§ PROBLEM DETAILS: Write out the data below in full, unchanged, minus the images.

§ Data items:
------------

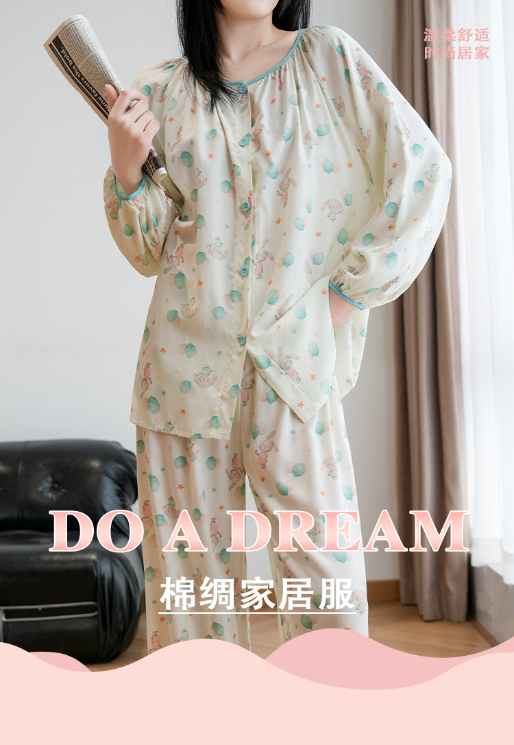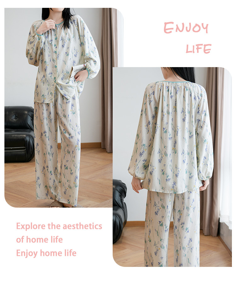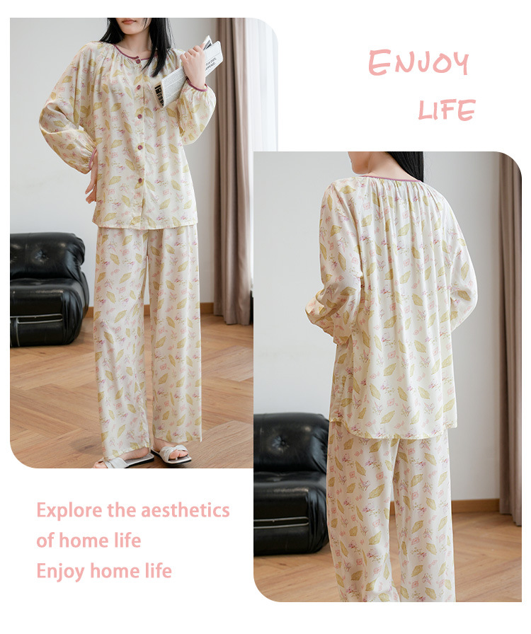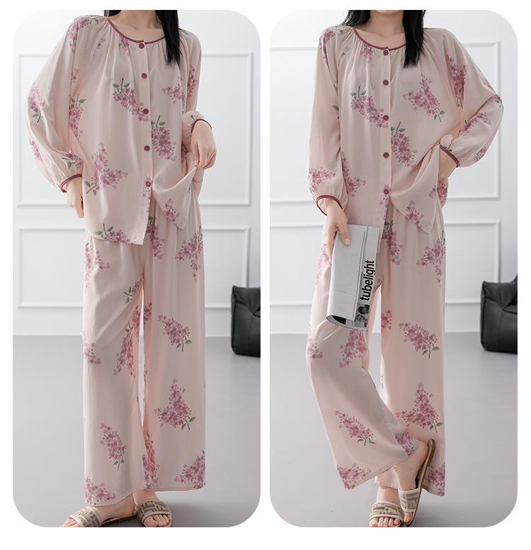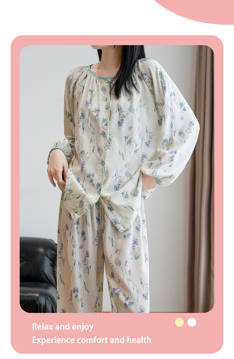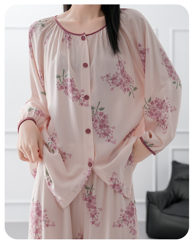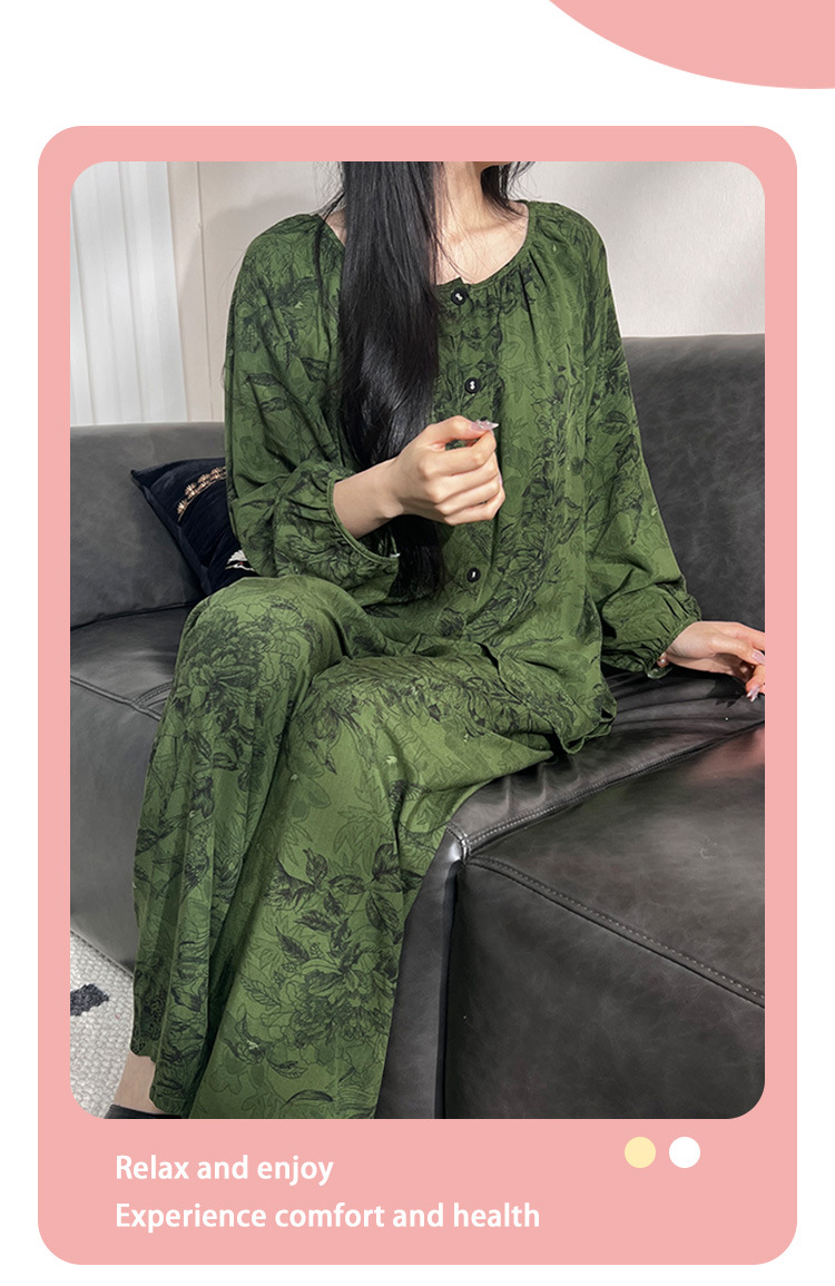 2025 새로운 면 실크 잠옷 여성의 봄과 가을 중년 및 노인 어머니의 면 실크 홈 옷 세트 여름에 입을 수 있습니다.
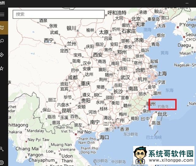 最后笔者找到钓鱼岛在中国的版图上,如下图所示。
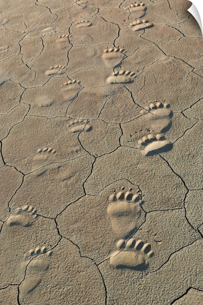 <p>Footprints of adult and cub coastal grizzly bears in Lake Clark National Park, Alaska.</p>
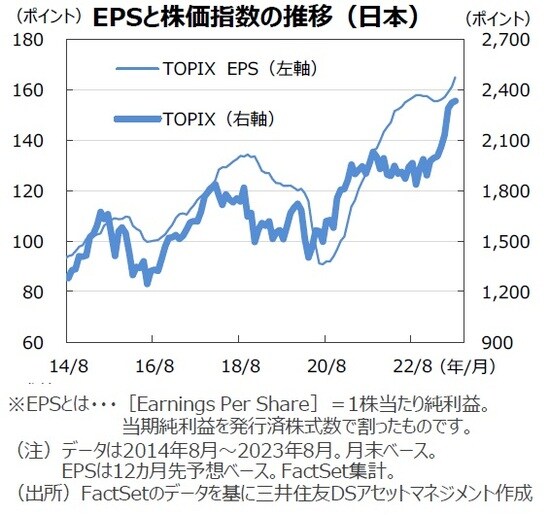S&P500種指数の8月の予想1株当たり利益(EPS)は239.7で、前年同月比+0.8%と7ヵ月ぶりにプラスに転じました。前月比は+1.9%と7ヵ月連続のプラスでした。TOPIXの予想EPSは164.9、前年同月比は同+5.2%でした。前月比は+2.3%と5ヵ月連続のプラスでした。8月の米国株式市場は調整しました。格付け会社フィッチが米国債の格付けを引き下げたことに続き、米銀70行以上を格下げする可能性が報道されたことなどで長期金利が上昇し、また、金融引き締めの長期化が懸念されたことで米国株は押し下げられました。NYダウは前月比▲2.4%、S&P500種指数は同▲1.8%、NASDAQ総合指数は同▲2.2%でした。一方、日本株式市場は米国長期金利の上昇、米株式市場の調整に加え、YCCの柔軟化を受けて日本の長期金利が上昇したことなどが重荷となりました。日経平均株価は前月比▲1.7%、TOPIXは同+0.4%でした。
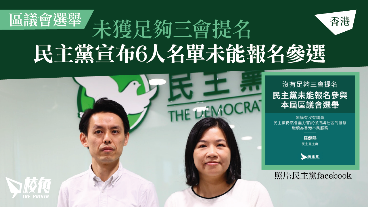區議會提名期周一(30日)結束,早前民主黨宣布由派8人改為6人參選區議會,多次向民政署力爭「三會」提名不果,民主黨今日宣布,由於成員名單均未獲足夠「三會」提名,未達參選最低門檻,因此未能參與區議會選舉。
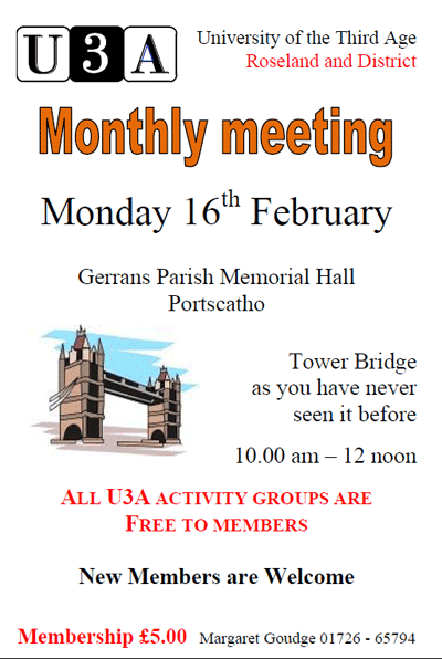 See Tower Bridge as you as never seen it before. 10am - Noon 16th February 2009 Gerrans Parish Memorial Hall, Portscatho, Cornwall. New members are welcome. All Activity Groups are free for members. Membership costs £5.00 U3A Roseland and District.
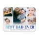 Personalized fathers day fridge magnet featuring 5 adorable photos of him and the kids, the words "BEST DAD EVER" in a modern blue gradient font, and the kids names.
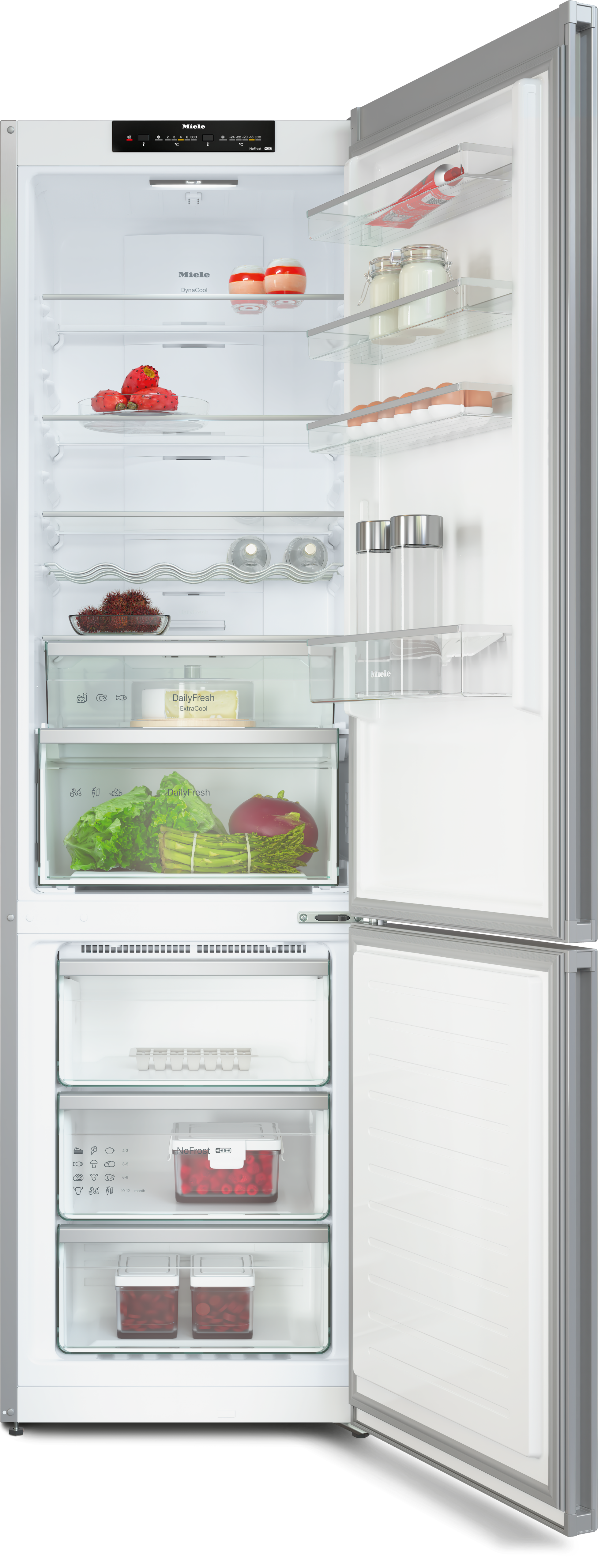 Отдельно стоящая комбинация холодильника с морозильной камерой с DailyFresh ExtraCool, NoFrost и светодиодным освещением для высокого уровня комфорта.

------------

§ TASK OUTPUT:
 2025 새로운 면 실크 잠옷 여성의 봄과 가을 중년 및 노인 어머니의 면 실크 홈 옷 세트 여름에 입을 수 있습니다.
 最后笔者找到钓鱼岛在中国的版图上,如下图所示。
 <p>Footprints of adult and cub coastal grizzly bears in Lake Clark National Park, Alaska.</p>
S&P500種指数の8月の予想1株当たり利益(EPS)は239.7で、前年同月比+0.8%と7ヵ月ぶりにプラスに転じました。前月比は+1.9%と7ヵ月連続のプラスでした。TOPIXの予想EPSは164.9、前年同月比は同+5.2%でした。前月比は+2.3%と5ヵ月連続のプラスでした。8月の米国株式市場は調整しました。格付け会社フィッチが米国債の格付けを引き下げたことに続き、米銀70行以上を格下げする可能性が報道されたことなどで長期金利が上昇し、また、金融引き締めの長期化が懸念されたことで米国株は押し下げられました。NYダウは前月比▲2.4%、S&P500種指数は同▲1.8%、NASDAQ総合指数は同▲2.2%でした。一方、日本株式市場は米国長期金利の上昇、米株式市場の調整に加え、YCCの柔軟化を受けて日本の長期金利が上昇したことなどが重荷となりました。日経平均株価は前月比▲1.7%、TOPIXは同+0.4%でした。
區議會提名期周一(30日)結束,早前民主黨宣布由派8人改為6人參選區議會,多次向民政署力爭「三會」提名不果,民主黨今日宣布,由於成員名單均未獲足夠「三會」提名,未達參選最低門檻,因此未能參與區議會選舉。
 See Tower Bridge as you as never seen it before. 10am - Noon 16th February 2009 Gerrans Parish Memorial Hall, Portscatho, Cornwall. New members are welcome. All Activity Groups are free for members. Membership costs £5.00 U3A Roseland and District.
 Personalized fathers day fridge magnet featuring 5 adorable photos of him and the kids, the words "BEST DAD EVER" in a modern blue gradient font, and the kids names.
 Отдельно стоящая комбинация холодильника с морозильной камерой с DailyFresh ExtraCool, NoFrost и светодиодным освещением для высокого уровня комфорта.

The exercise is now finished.